*Your objective*
Exactly as written, transcribe the data from its opening line through the line containing "Oprócz aukcji zorganizowaliśmy". Leave every picture out.

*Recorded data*
********************

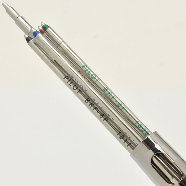5機能を搭載しながら、可能な限り細身に仕上げたリッジシリーズの最高峰モデルです。黒の本体色に金色の金属パーツを合わせ、スタンダードな高級感を持つB(ブラック)とマーブル塗装に銀色の金属パーツを合わせ、スタイリッシュな高級感を持つBGY(ブラック&グレー)、BR(ブラック&レッド)、BL(ブラック&ブルー)の4色展開。ボールペン4色(黒・赤・青・緑)、シャープペンシルを細身のボディに搭載し、スマートに持ち歩くことができます。
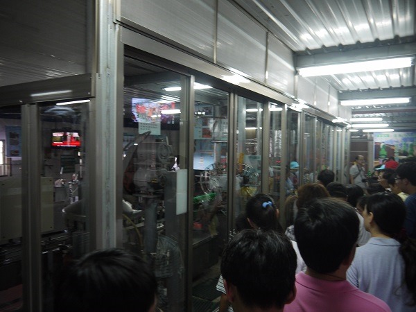 工作人員正在解說自動化生產流程與機器,我們還忙著裝糖漿,沒聽……
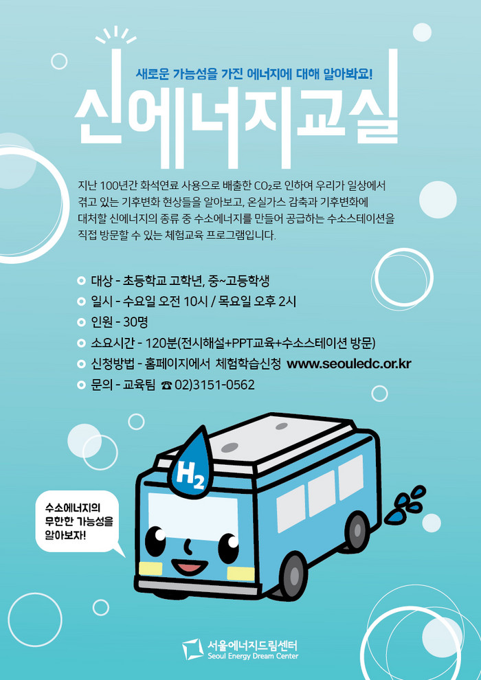 지난 100년간 화석연료 사용으로 배출한 CO2로 인해 우리가 일상에서 겪고 있는 기후변화 현상들은 알아보고, 온실가스 감축과 기후변화에 대처할 신에너지의 종류 중 수소에너지를 만들어 공급하는 수소스테이션을 직접 방문할 수 있는 체험교육 프로그램이다.
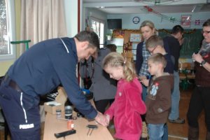 Oprócz aukcji zorganizowaliśmy ćwiczenia z zakresu udzielania pierwszej pomocy, można było też wziąć udział w odwzorowywaniu śladów linii papilarnych. Najmłodsze dzieci uczestniczyły w grach i zabawach z wykorzystaniem wyposażenia samochodu specjalistycznego typu furgon przeznaczonego do działań profilaktyczno – edukacyjnych.
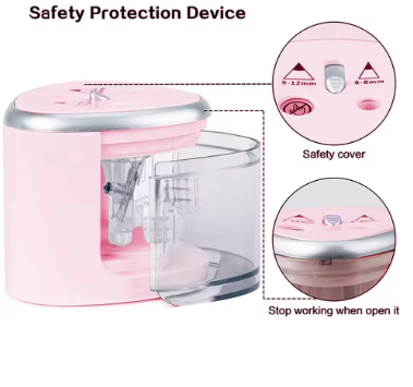 El diseño del sacapuntas eléctrico incluye una base estable y antideslizante que evita movimientos durante el uso, garantizando seguridad y precisión.
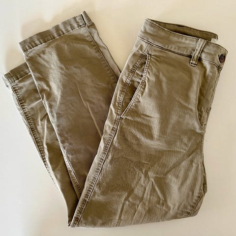 Str 40, livvidde 37 cm x 2, ben innerlengde 76 cm. Lårlomme med glidelås.
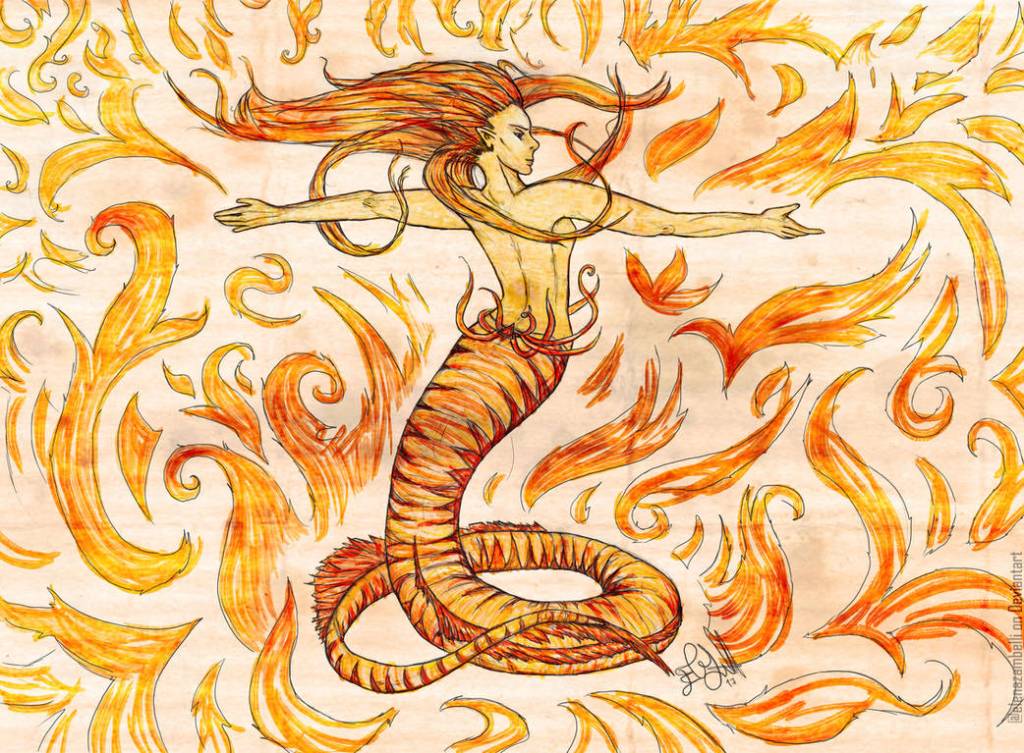 Her skin unscorched, unburn, for she’s fire herself: her dancing and turning aroung generates the heat and the flames. There’s a powerful music she’s dancing on, a tale of adventure and courage singed from human voices. – Salamandra di fuoco – Pencil sketch + intuos and photoshop redrawing and coloring – summer 2017

********************

*The completed task*
5機能を搭載しながら、可能な限り細身に仕上げたリッジシリーズの最高峰モデルです。黒の本体色に金色の金属パーツを合わせ、スタンダードな高級感を持つB(ブラック)とマーブル塗装に銀色の金属パーツを合わせ、スタイリッシュな高級感を持つBGY(ブラック&グレー)、BR(ブラック&レッド)、BL(ブラック&ブルー)の4色展開。ボールペン4色(黒・赤・青・緑)、シャープペンシルを細身のボディに搭載し、スマートに持ち歩くことができます。
 工作人員正在解說自動化生產流程與機器,我們還忙著裝糖漿,沒聽……
 지난 100년간 화석연료 사용으로 배출한 CO2로 인해 우리가 일상에서 겪고 있는 기후변화 현상들은 알아보고, 온실가스 감축과 기후변화에 대처할 신에너지의 종류 중 수소에너지를 만들어 공급하는 수소스테이션을 직접 방문할 수 있는 체험교육 프로그램이다.
 Oprócz aukcji zorganizowaliśmy ćwiczenia z zakresu udzielania pierwszej pomocy, można było też wziąć udział w odwzorowywaniu śladów linii papilarnych. Najmłodsze dzieci uczestniczyły w grach i zabawach z wykorzystaniem wyposażenia samochodu specjalistycznego typu furgon przeznaczonego do działań profilaktyczno – edukacyjnych.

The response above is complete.